Il y a des mains marquées comme des visages qui racontent des histoires de vie à partir desquelles le regard infirmier peut tirer une mine de renseignements cliniques et socio-professionnels. L’épaisseur de l’épiderme d’un bucheron nous renvoie sa robustesse ou au contraire la minceur de cette peau-parchemin nous renseigne sur la vulnérabilité de cette personne âgée qu’il conviendra de toucher autrement. La déformation des doigts, stigmates d’une polyarthrite rhumatoïde ou d’une dégénérescence tendineuse d’une maladie de Horton nous invitera à explorer et anticiper la dépendance d’une personne handicapée. La moiteur d’une main fiévreuse ou angoissée livre des signes qu’il reste à explorer, la sècheresse de la peau qui annonce des crevasses ou une desquamation signe l’inconfort qui somme le soignant de répondre à la façon de Levinas : Me voici ! Cette réponse nous rend soignant et nous conjure d’assumer le rendez-vous, nous oblige moralement à la rencontre humaine qui s’éclaire par la capacité à découvrir ce qui est souvent voilé. Les petites rencontres sont remplies de grâce, nous savons bien cela, elles illuminent nos journées.

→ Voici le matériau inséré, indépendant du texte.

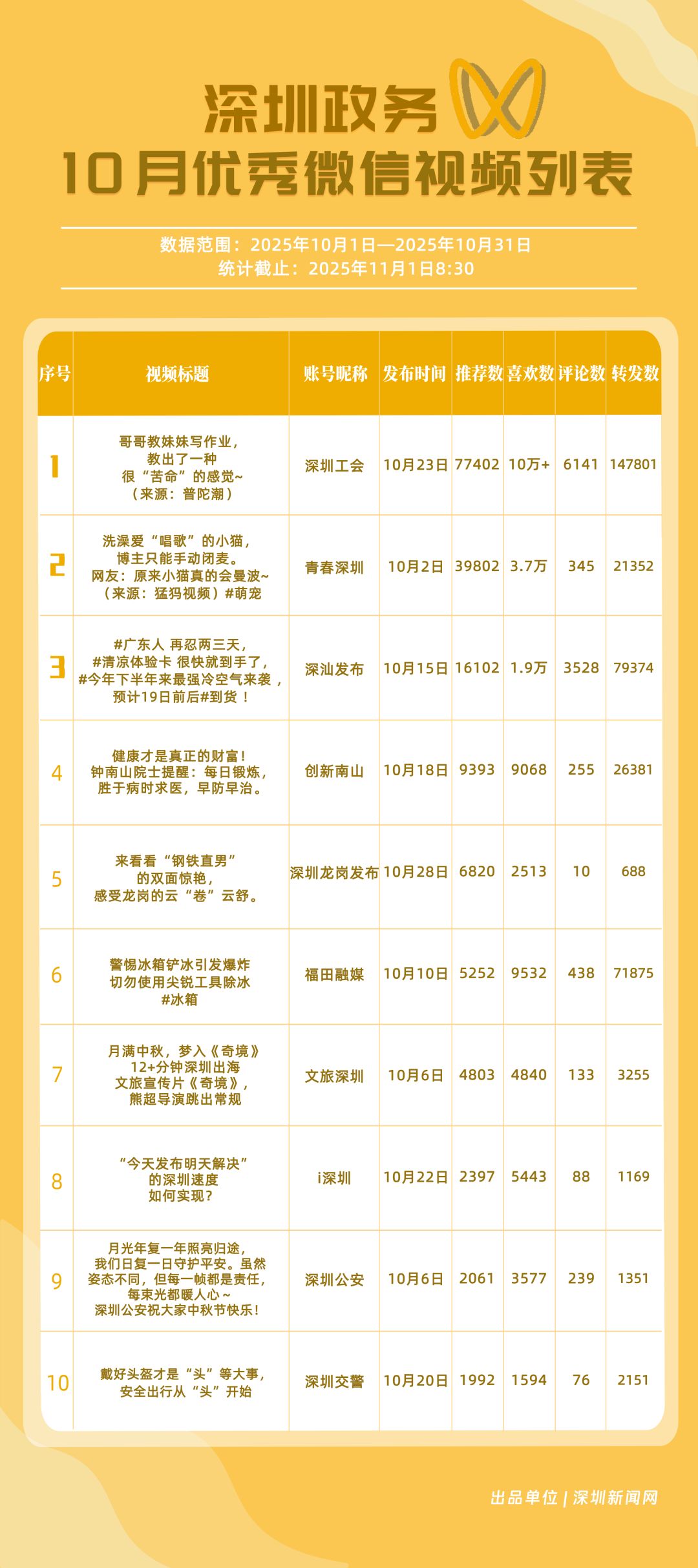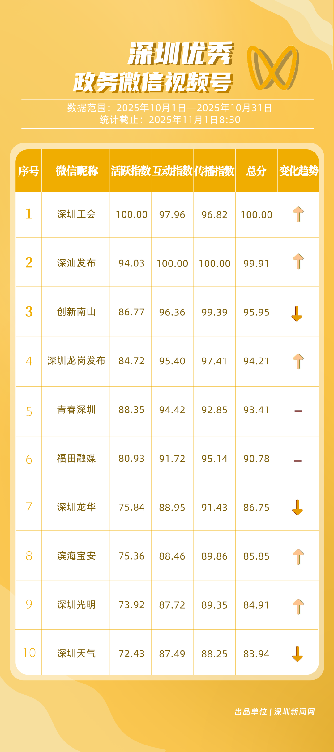 10月“深圳優(yōu)秀政務(wù)新媒體矩陣”榜單揭曉,這6個矩陣排名有上升!

Le mouvement élégant d’une main d’enfant qui joue avec l’espace, celui plus incertain et tremblant qui peine à saisir un verre d’eau, doit nous étonner et nous pousser à mieux le comprendre. C’est le souci de l’Autre qui doit nous amener à l’attention de ces petites choses que la proximité avec le patient permet. Les métiers soignants ne doivent pas se borner à une approche générale car elle pousse à l’insuffisance. Si la démarche holistique nous demande de penser autrui de façon globale dans toutes ses dimensions, alors elle nous oblige également à ne pas occulter les nano-renseignements cliniques qui en disent tout autant que le langage des organes. Ces signes cliniques infraliminaux sont autant de cibles que nous devons apprendre à décrypter. Ils sont très discrets et nous avons alors besoin de tous nos sens pour dévoiler ce qui ne se montre pas tout à fait. Notre intuition, notre imaginaire, nos émotions, notre culture seront autant d’outils facilitant l’approche microscopique de ces signes.

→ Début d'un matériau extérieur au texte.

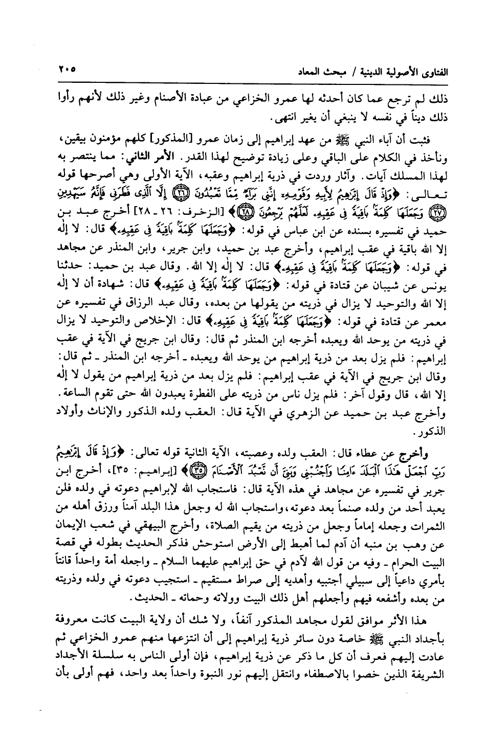 فثبت أن آباء النبي صلى الله عليه وسلّم من عهد إبراهيم إلى زمان عمرو [المذكور] كلهم مؤمنون بيقين، ونأخذ في الكلام على الباقي وعلى زيادة توضيح لهذا القدر. الأمر الثاني: مما ينتصر به لهذا المسلك آيات. وآثار وردت في ذرية إبراهيم وعقبه، الآية الأولى وهي أصرحها قوله تعالى:) وإذ قال إبراهيم لأبيه وقومه انني براء مما تعبدون إلا الذي فطرني فإنه سيهدين وجعلها كلمة باقية في عقبة (أخرج عبد بن حميد في تفسيره بسنده عن ابن عباس في قوله:) وجعلها كلمة باقية في عقبه (قال: لا إله إلا الله باقية في عقب إبراهيم، وأخرج عبد بن حميد، وابن جرير، وابن المنذر عن مجاهد في قوله:) وجعلها كلمة باقية في عقبه (قال: لا إله إلا الله. وقال عبد بن حميد: حدثنا يونس عن شيبان عن قتادة في قوله:) وجعلها كلمة باقية في عقبه (قال: شهادة أن لا إله إلا الله والتوحيد لا يزال في ذريته من يقولها من بعده، وقال عبد الرزاق في تفسيره عن معمر عن قتادة في قوله:) وجعلها كلمة باقية في عقبه (قال: الإخلاص والتوحيد لا يزال في ذريته من يوحد الله ويعبده أخرجه ابن المنذر ثم قال: وقال ابن جريج في الآية في عقب إبراهيم: فلم يزل بعد من ذرية إبراهيم من يوحد الله ويعبده أخرجه ابن المنذر ثم قال: وقال ابن جريج في الآية في عقب إبراهيم: فلم يزل بعد من ذرية إبراهيم من يقول لا إله إلا الله، قال وقول آخر: فلم يزل ناس من ذريته على الفطرة يعبدون الله حتى تقوم الساعة. وأخرج عبد بن حميد عن الزهري في الآية قال: العقب ولده الذكور والإناث وأولاد الذكور.

C’est le souci de l’Autre qui doit nous amener à l’attention de ces petites choses que la proximité avec le patient permet.

Place aux émotions, à l’intuition, à l’imaginaire et la créativité dans le soin

Ce focus clinique ouvre une dimension qui n’est pas antinomique avec une démarche classique. Nous connaissons tous cette approche informelle et c’est bien ce côté informel qui mériterait sa place pleine et entière dans nos universités. Cette voie du Soin emprunte juste un chemin clinique inversé qui part du détail, nourrit le sens de la prise en charge globale et se trouve ainsi complémentaire des démarches classiques. Elle permet une approche soignante libre, critique et créative qui invite à s’étonner de l’ordinaire et se rapprocher du patient à partir de ce qu’il nous voile ou nous offre discrètement, ses petites choses qui sont juste l’expression ce qu’il est.

Note

  1. M. C. Vallejo, Une approche philosophique du soin – L'éthique au coeur des petites choses, Editions érès, 2014.